Литмир - Электронная Библиотека

Игорь Саврасов

Собирание игры. Книга третья. Петушки-Зазеркалье

В делах людей бывает миг прилива,

Он мчит их к счастью, если не упущен,

А иначе всё плавание их жизни

Проходит среди мелей и невзгод.

У. Шекспир

… – С тех пор я не приходил в сознание, и никогда не приду – хрипло бормотал Веничка, с удивлением рассматривая бурую кровь, хлынувшую из его раненного горла – А где, где багрянец?… Пурпур?… Ангелы мои господни!… Опять непроницаемая завеса тайн… И что случилось со Временем?

– Да, Веничка.
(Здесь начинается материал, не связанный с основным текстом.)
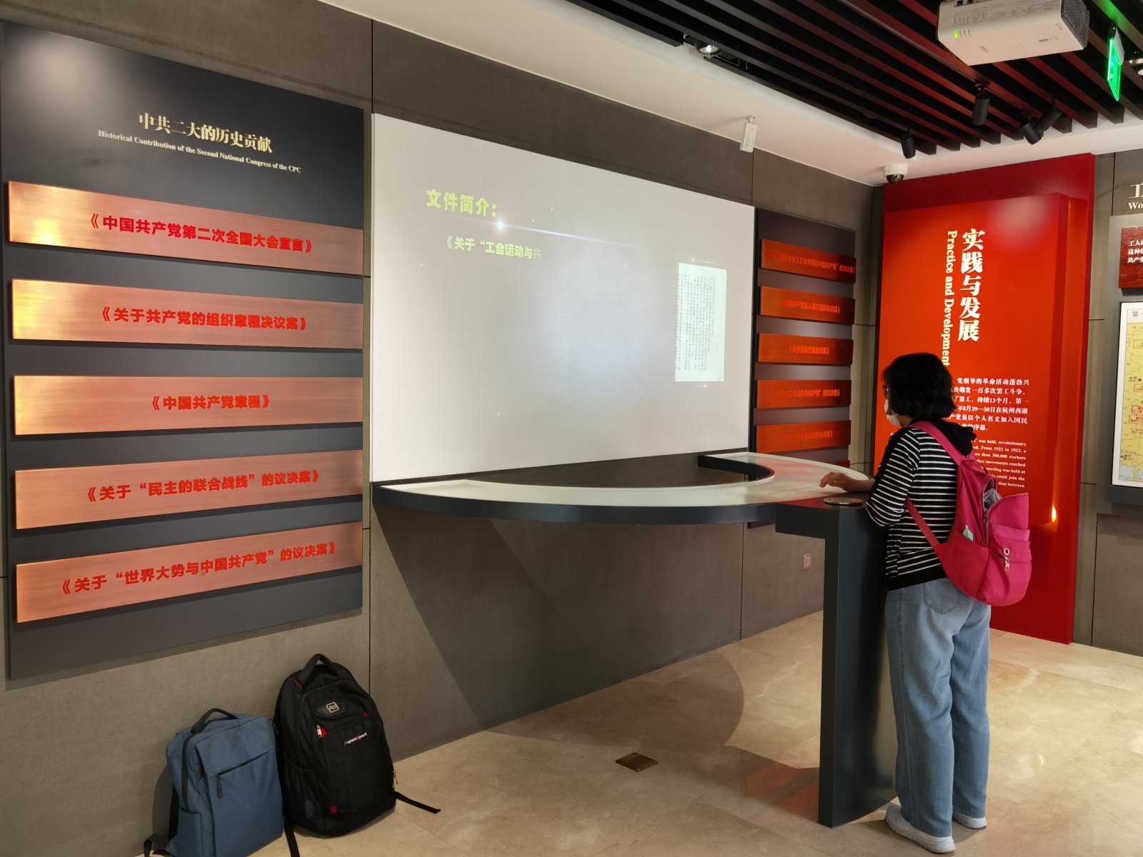 記者在現場看到,經過修繕後的二大紀念館由「序廳、中共二大展廳、中共二大會議舊址、黨章歷程廳、平民女校舊址展廳」五個展區組成。展館內部空間不大,但展陳布置體現了「巧中見精」。儘管才開放不久,就吸引了不少市民慕名帶着孩子過來打卡。很多中小學生更是身着正裝、佩戴着紅領巾前來以顯鄭重。
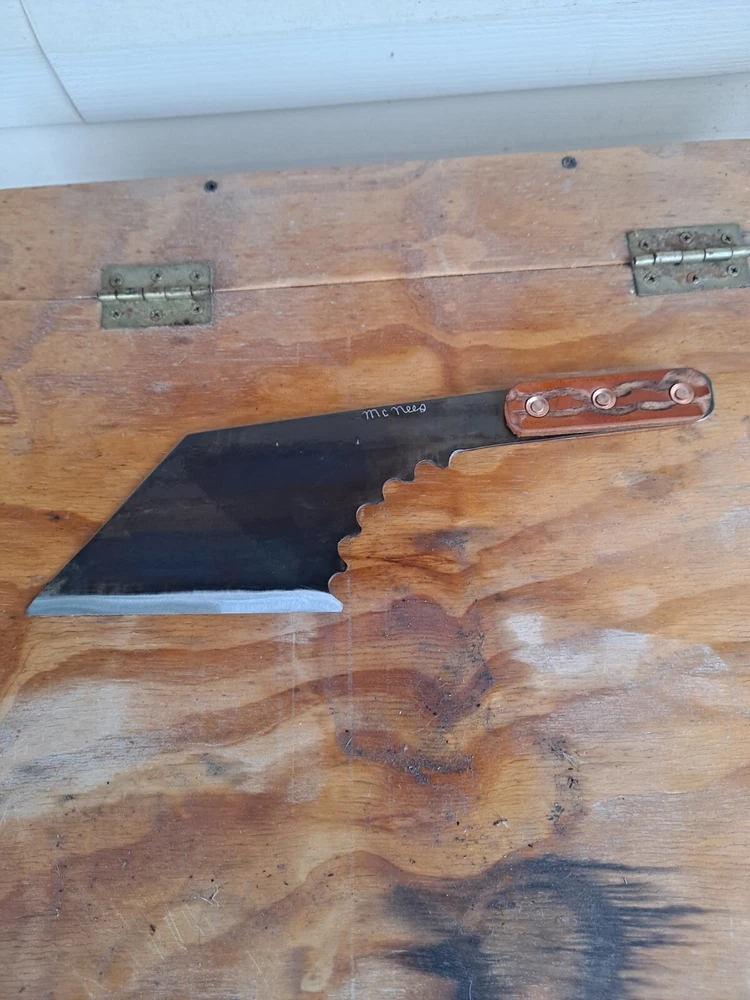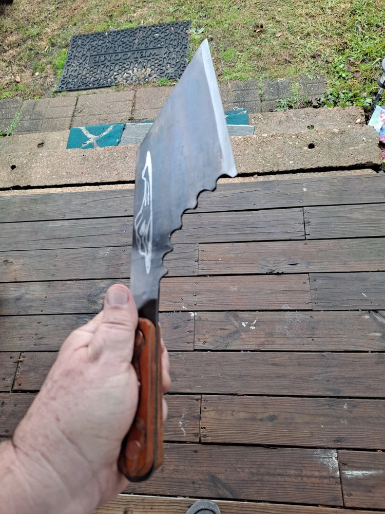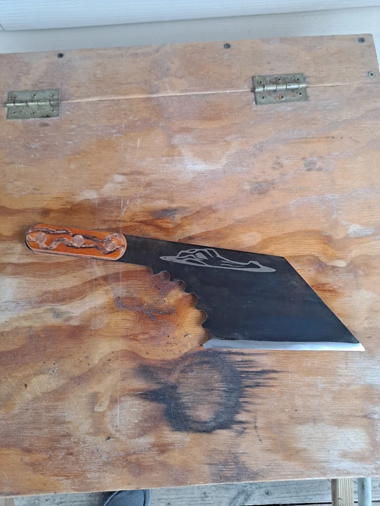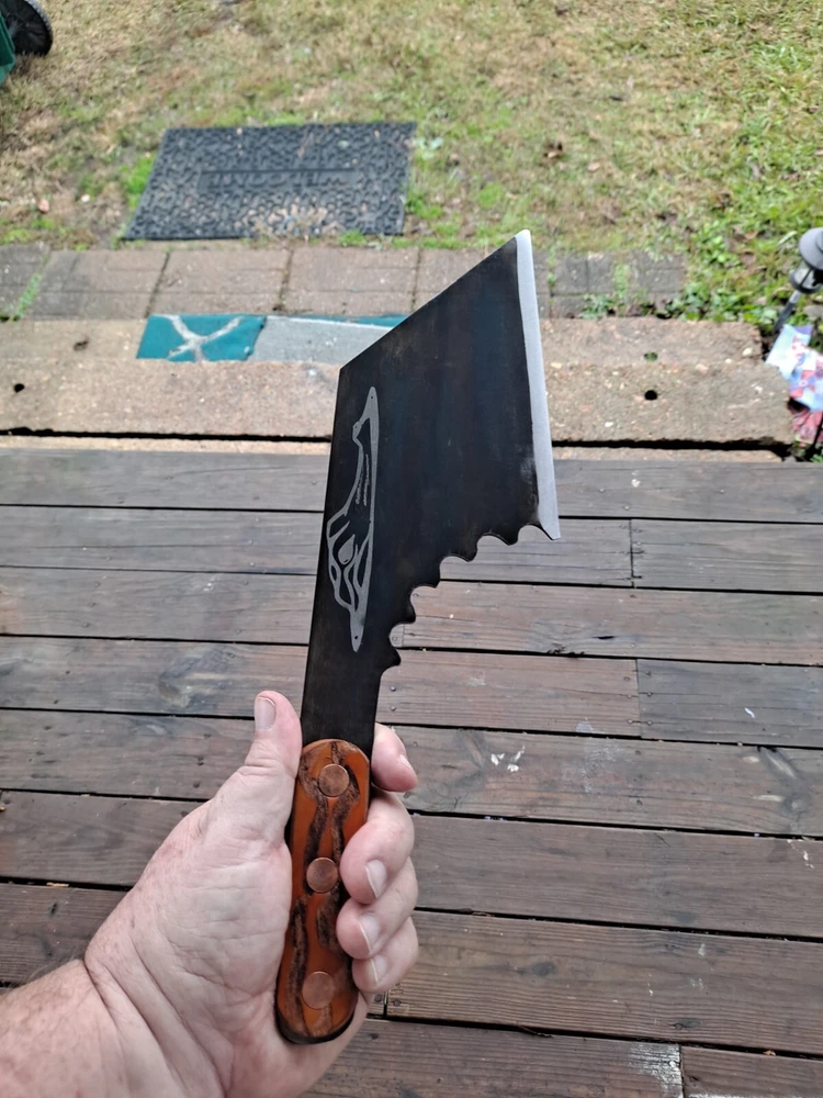 Here is a nice throwing or camp cleaver, made from high quality saw blade...14.5" x 14.5 oz with a 5.75" blade.. has my iron sole leather scales..perfect weight to length for perfect throwing. made right here in alabama... should be 18 to purchase. Thanks for looking
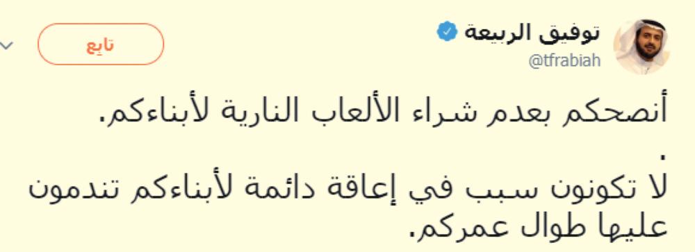 الربيعة متضامناً مع حملة منع «الناريات»: لا تكونوا سبباً في إعاقة أبنائكم
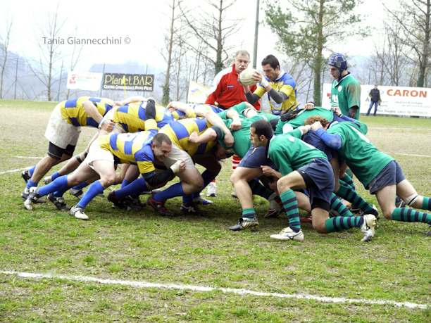 La partita inizia subito bene per il Garfagnana che al tredicesimo realizza una punizione da 3 punti firmata Lorenzo Morini. Quest’oggi la squadra è lucida, il gioco è veloce e più preciso, sfortunatamente però arriva il pareggio al ventitreesimo grazie ancora ad un calcio piazzato. Il punteggio è di 3 a 10 quando al trentesimo del primo tempo gli ospiti riescono a realizzare e trasformare la loro prima meta. I gialloblù continuano a lottare e giocano a ritmo costante senza demoralizzarsi nemmeno di fronte alla seconda meta subita al cinque minuti dall’intervallo.
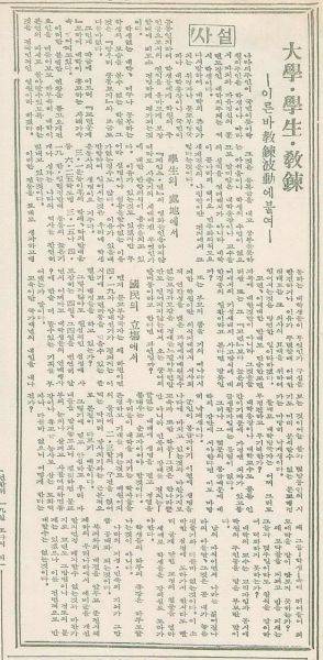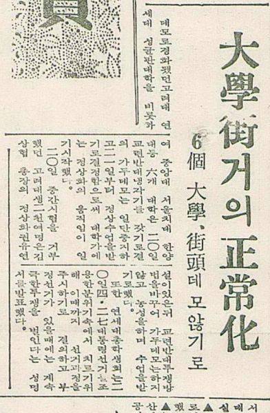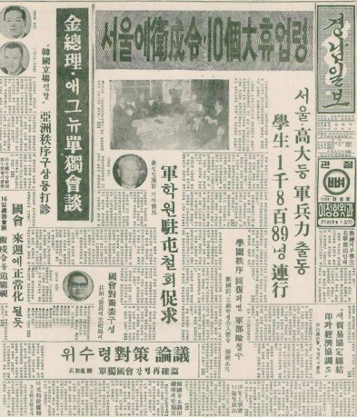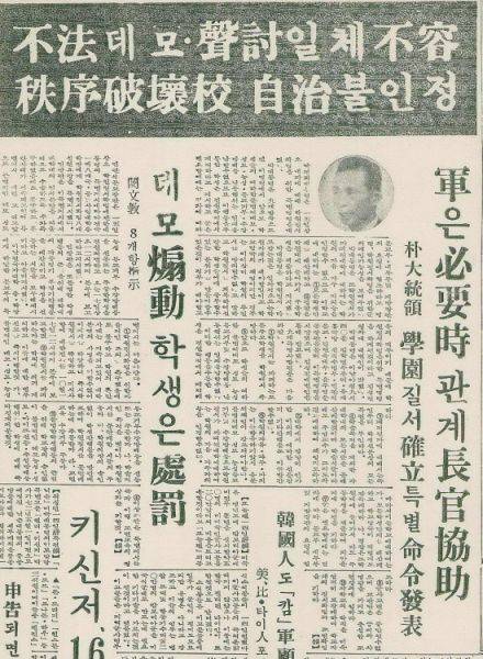 10월 16일 본보 1면 기사에는 '불법 데모·성토 일체 불용/질서파괴교(校) 자치불인정' 제하의 기사에서 학원질서 확립 특별명령(위수령)을 발표했다. 17일자에는 '서울에 위수령·10개교 휴업령'을 내리고 서울·연대 등 군병력이 출동해 학생 1889명을 연행했다고 보도하고 있다.
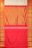 This stunning cream Kanchipuram Silk Saree exudes timeless elegance with its rich gold and silver zari floral jaal design, featuring intricate Kili (parrot) motifs on the body. The bold red border is adorned with gold zari twill and floral jaal patterns, along with diamond buttas, adding a regal touch. The pallu, in matching red, features checks with diamond buttas and Rudraksha buttas in gold zari. Paired with a plain red blouse with a matching border, this saree is perfect for weddings, festive occasions, and grand celebrations.
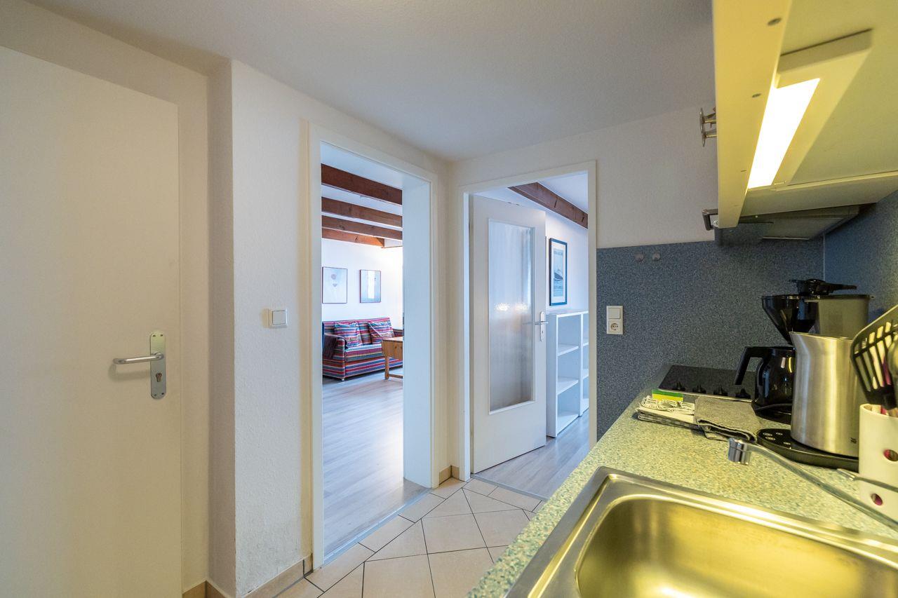 Vom Wohnungsflur aus gelangen Sie ins das große Schlafzimmer mit Doppelbett und Meerblick, das moderne Duschbad und das lichtdurchflutete Wohnzimmer mit Meerblick und Balkon. Die Küchenzeile ist gut ausgestattet und bietet auch im Urlaub, Gelegenheit gut zu kochen. Das Duschbad ist neu und mit hellen, modernen Fliesen ausgestattet.

Тайны! Каждый пловец когда-нибудь утонет в Реке Времени… – ответила Алиса, улыбаясь и осторожно вливая в рот убитого жидкость с пряным запахом трав. – Если! Если не научится ходить по воде… – девочка посмотрела куда-то в даль – Тогда можно уйти в бесконечность!

– Угу… А чем ты поишь меня? Это что? Альб де десерт?

– Это мой животворящий сбитень… На основе росы…

– Мне бы «Зубровки», а? Или «Кориандровой»… А? – жалобно попросил умерший.

– Потом, Веничка… Когда сядем в наш поезд… Я дам тебе немного «Хереса».

– Угу… А что за поезд? Экспресс на Пермь? – с надеждой спросил Венедикт.

– Нет… Маршрут вне расписания… Вне Времени, вне пространства… Просто вне. «Петушки – Зазеркалье». Правда – замечательный маршрут?!

– И я, наконец, увижу Кремль?

– Нет, Кремля не будет… И не будет более избиения!

– Но это же о-за-да-ченность! Ангелы милостивые! – всё шире открывал трезвеющие глаза возвращающийся к жизни Поэт.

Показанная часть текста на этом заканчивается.